Poor weight gain during first year of ART associated with increased mortality risk for children with HIV in resource-limited settings

Michael Carter
Published: 09 December 2014

Poor weight gain after starting antiretroviral therapy (ART) is associated with increased mortality risk for children with HIV, investigators report in the online edition of AIDS. An international team of researchers developed a model to examine the association between weight gain and mortality risk for children starting ART. Poor weight gain was associated with increased mortality risk, independent of other factors.

“We were able to construct normative reference standards for weight gain at 6, 12, 18, and 24 months of ART for HIV-infected children younger than 10 years,” write the authors. “At 6 and 12 months on ART, the hazard of dying in children whose weight gain was below the 33rd percentile was at least twice that of children who gained more weight.” The investigators hope their model will be useful in resource-limited settings where access to CD4 count and viral load testing – key assessments of the success of ART – is limited.

An estimated 3 million children are living with HIV and 90% live in sub-Saharan Africa. Without ART, half of these children will die before their second birthday.

Access to ART is expanding in poorer countries, but because of cost CD4 and viral load monitoring is often unavailable. Other measures are therefore needed to assess the effectiveness of treatment.

Weight gain during the first year of ART has been shown to be a good predictor of treatment success for children in Africa during the first year of therapy. However, gains in weight that correlate with specific treatment outcomes are unknown.

Investigators therefore examined data from the International Epidemiological Database to Evaluate AIDS for 7173 children younger than ten years living in resource-limited settings. Using this, they constructed a model to establish the associations between age- and sex-specific weight gains (3rd, 10th, 25th, 33rd and 50th percentiles) and mortality risk, virological suppression and risk of virological failure at 6, 12, 18 and 24 months after ART initiation.

Over half (51%) the children lived in southern Africa, approximately a quarter in eastern Africa, 13% in Asia, 9% in western Africa and 4% in central Asia.

The majority of children (78%) started ART between 2005 and 2007. At the time treatment was initiated, 45% were underweight. Baseline CD4 cell measurements were available for 72% of children, and three-quarters were severely immune-suppressed at this point.

The children were followed for a median of 24 months, and during this time there were 111 deaths. Most (61%) occurred between months six and twelve of treatment initiation.

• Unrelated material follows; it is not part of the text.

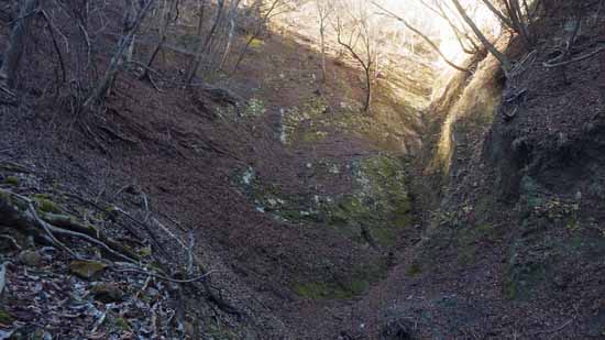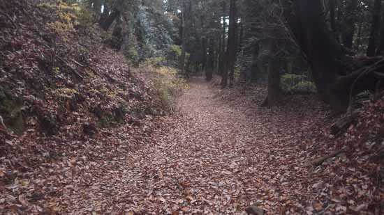 しかしそれは記憶の道であり、枯葉のつながりが道に似せて見せてはいても、実際には踏幅も無ければ路肩も無し。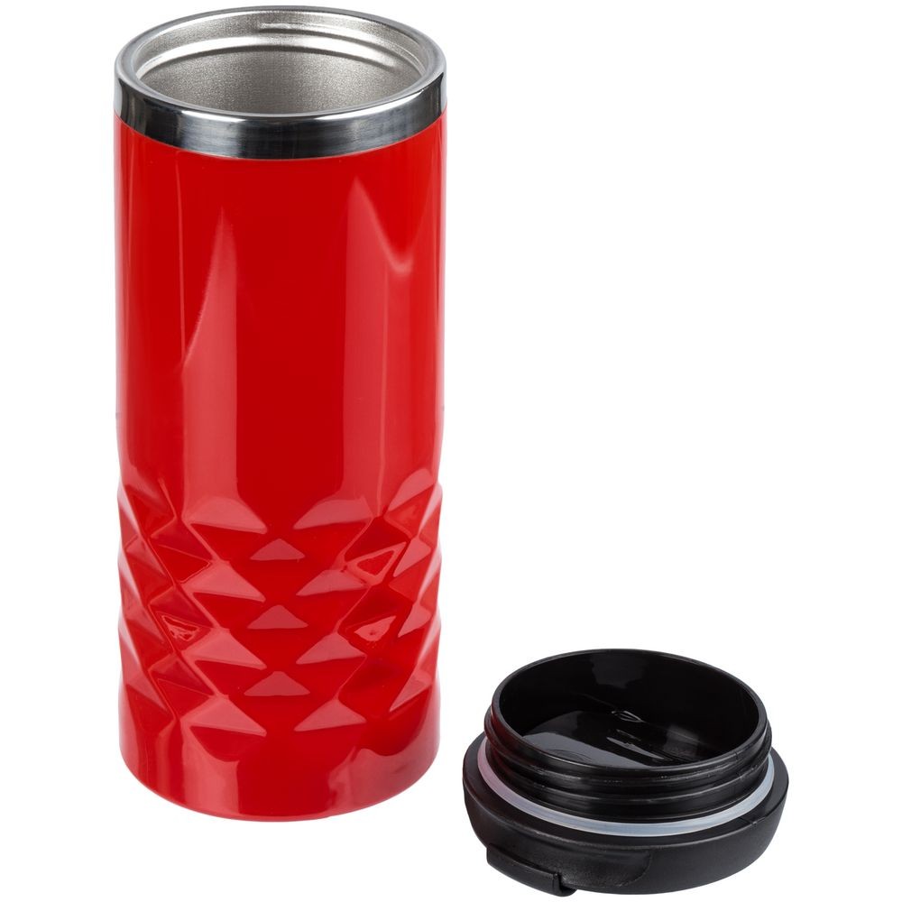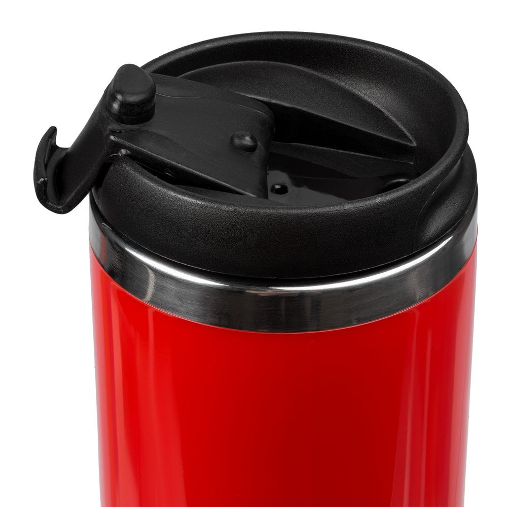 Двухслойная конструкция из пластика снаружи и пищевой нержавеющей стали внутри. Герметичная завинчивающаяся крышка с откидным клапаном для питья.

Children with poor weight gain after six and twelve months of ART had a higher risk of death compared to children with good weight gain. Children below the 33rd percentile of weight gain had a threefold increase of death at month six (HR = 2.95; 95% CI, 2.03-4.36) and an over twofold increase in mortality risk at month twelve (HR = 2.28; 95% CI, 1.23-4.22). The mortality risk was even higher for children with lower weight gains, especially in the first twelve months of therapy. The increased risk of death associated with poorer weight gain persisted up to 24 months of follow-up.

However, no significant association was found between weight gain and virological suppression or risk of virological failure.

“Monitoring weight gain post-ART using normative data developed specifically for HIV-infected children on ART could be a simple and highly valuable tool to identify those children at highest risk of death,” conclude the investigators.


Yotebieng M et al. Age-specific and sex-specific weight gain norms to monitor antiretroviral therapy in children in low-income and middle-income countries. AIDS 28, online edition. DOI: 10.1097/QAD.0000000000000506 (2014).